There is, of course, no chance of active resistance, even from the Bey, for Italy cannot fight alone, and would be mad to join Germany for an invasion, even if that course were not prohibited by the open declaration of the Italian Republicans that they will not break their alliance with the Republican people of France. England, again, has little interest in the matter, and no means of effective action. The people would not endure a breach with France, except for most serious menace to their own interests, and there is no such menace apparent. France cannot enter Egypt via Tunis, and as for her control of the Mediterranean, of which so much is said, it will be as against this country no greater when she reigns in Tunis than it was before. Once in possession of Biserta, and still more of Lake Faroun turned into an inland sea or vast dock, she can, no doubt, at pleasure bar our nearest route to India ; but she can

do it just as easily now from Toulon, Marseilles, and the ports of Corsica. In other words, she can do it when she

pleases, at the cost of a great naval war, in which her chances would be frightfully diminished by the possession of Tunis. England, not France, would in such a war have the assistance of the Italian Fleet ; and if the French Fleet were beaten, a third of her Army and a vast colonial possession would lie at our mercy. Her risk from war with England is almost indefinitely increased. Our resources for invasion re- main just what they were, while France, in taking Tunis, increases the importance of maritime supremacy,—that is, increases the importance of the element on which England can fight best. There is, therefore, no reason of material interest for throwing the world out of gear or stopping its progress, as it would be stopped, by any collision between England and France, or still more, by any threat of war. The language of the Conservative Party upon that subject is the language of irresponsible men, whose theories about the route to India would logically compel England to wage war with the whole world, ex- cept, perhaps, Germany and Sweden. But we think the Foreign Office should declare that the method of attack on Tunis makes England distrustful of her partnership with France in Egypt, and should urge strongly, in the general interest of humanity, that as France claims all power in the Regency, she must assume, also, all responsibility. She ought to be urged to annex, and lus to give the Tunisians the settled and durable civilised government, the order, the equal justice, and the means of enlightenment which are the compensations for loss of independence.

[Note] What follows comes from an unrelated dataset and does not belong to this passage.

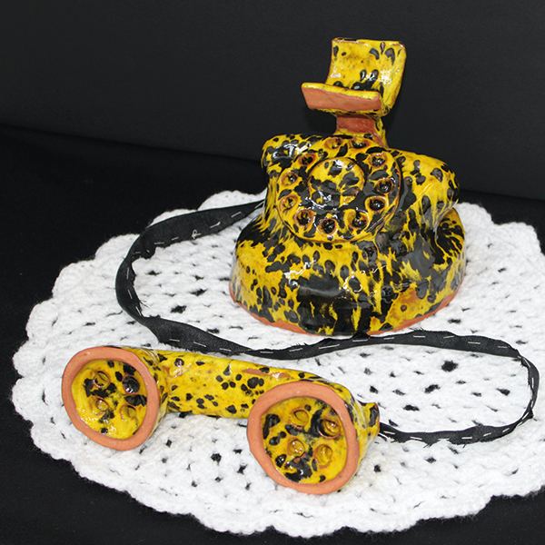 Y-ello?’ by Lauren I’Anson is about the idea of a lack of communication, isolation and the desire to reach out but only having a faulty device. This sad context combined with a banana-going-bad aesthetic creates a contrast that imparts a humour to a feeling everyone has once felt.

As matters stand, France will be able to veto any treaty the Bey may make, or any industrial conces- sion he may grant, or any law he may wish to proclaim, without being able to order him to tolerate converts, or set up schools, or establish Courts which shall regard all Christian evidence as equal to that of Mahommedans. She will, in fact, be able to secure everything except enlightened progress —a monstrous position, which destroys the only solid justifica- tion for her aggression.